According to court documents, "The investigation revealed on separate occasions that the subject used both the ficticious name of Thomas R. Cuni, and then later his real name of Jon Dial in order to get hired as a pilot."

And it says he used his real and a fake identity with the same company, Helicopters Inc. That company is based in Illinois and hires news helicopter pilots. Investigators also say he worked as a medevac pilot, and in all flew more than 300 times around Northern California.

He flew hundreds of times in the Bay Area and flew a helicopter for KCRA-TV in Sacramento around March 23, 2012, according to the complaint.

But why use a fake name?

"Under his real name, he had lost his pilot's license in the mid-1990s, and in order to continue flying, he had to invent this persona and become this other person," said assistant U.S. attorney Kyle Reardon.

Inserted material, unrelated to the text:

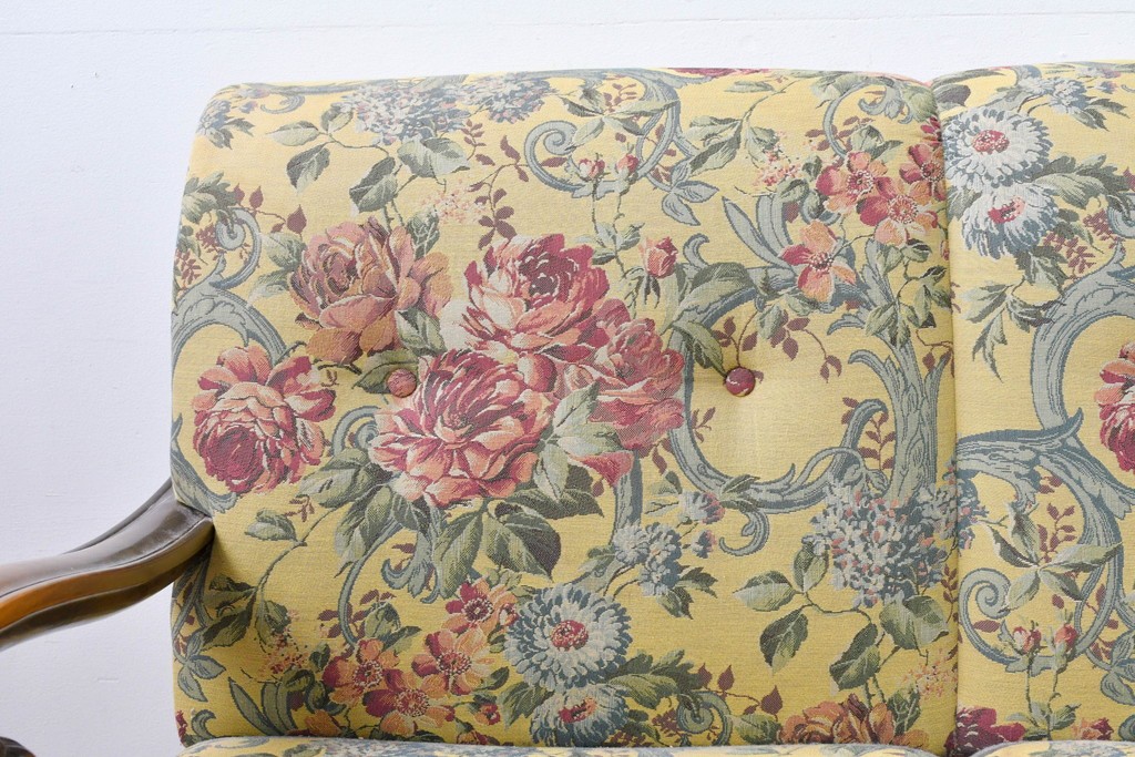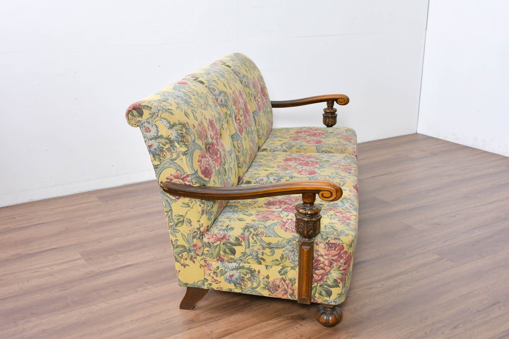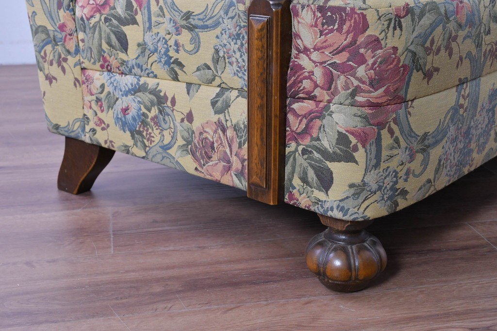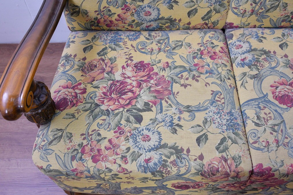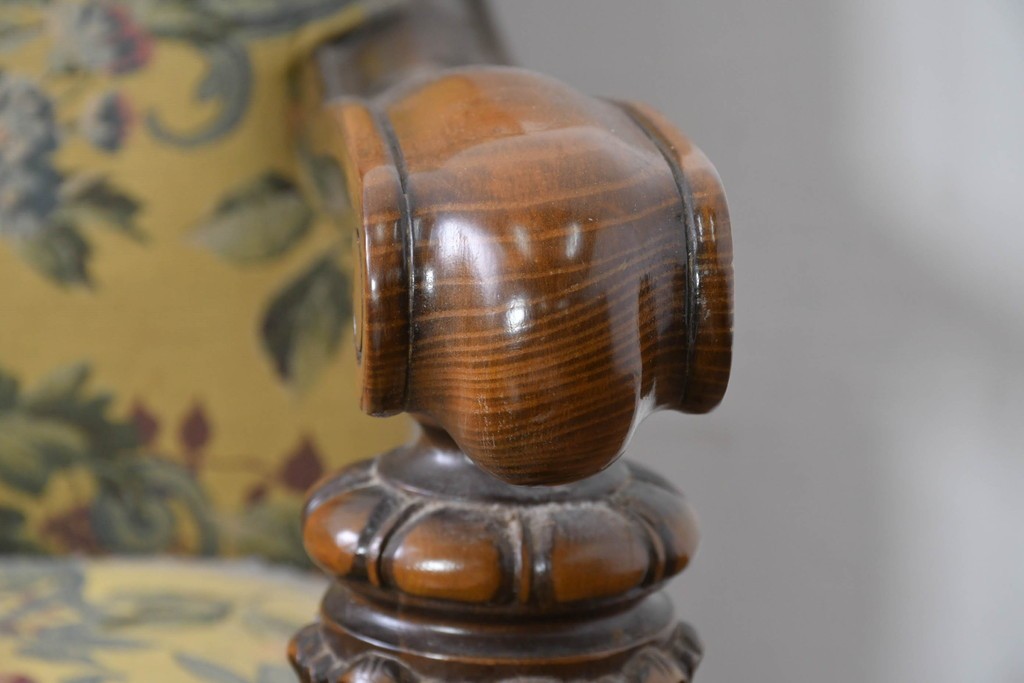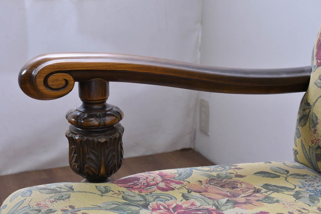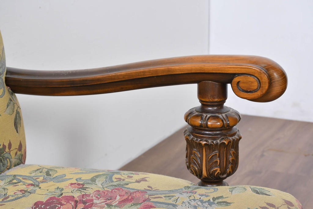 優美な花柄ファブリックと、アーム部に施された彫刻装飾が調和したクラシックな佇まいが魅力です。

According to the feds, Dial has a past, including prior convictions for forgery, theft, and bad checks.

He was also convicted of making false statements to the Federal Aviation Administration in 1994.

The complaint says he has 25 aliases in law-enforcement databases, six social-security numbers, and even 10 dates of birth.

The court documents suggest it was all part of an effort to keep investigators, the FAA and his employers from determining who was really behind the controls in the cockpit.

"In the post-Sept. 11 age, they take a great deal of interest in receiving accurate information about who is behind the controls of a helicopter and airplane, and they want to make sure that the people who are flying those aircraft are in fact the people that they say they are."

CBS13 attempted to contact Helicopter Inc., but we did not hear back from the company.

Dial was arrested in the New York area on Monday. He was before a federal magistrate in Syracuse on Monday and is on his way back to Sacramento.

He faces up to five years in prison.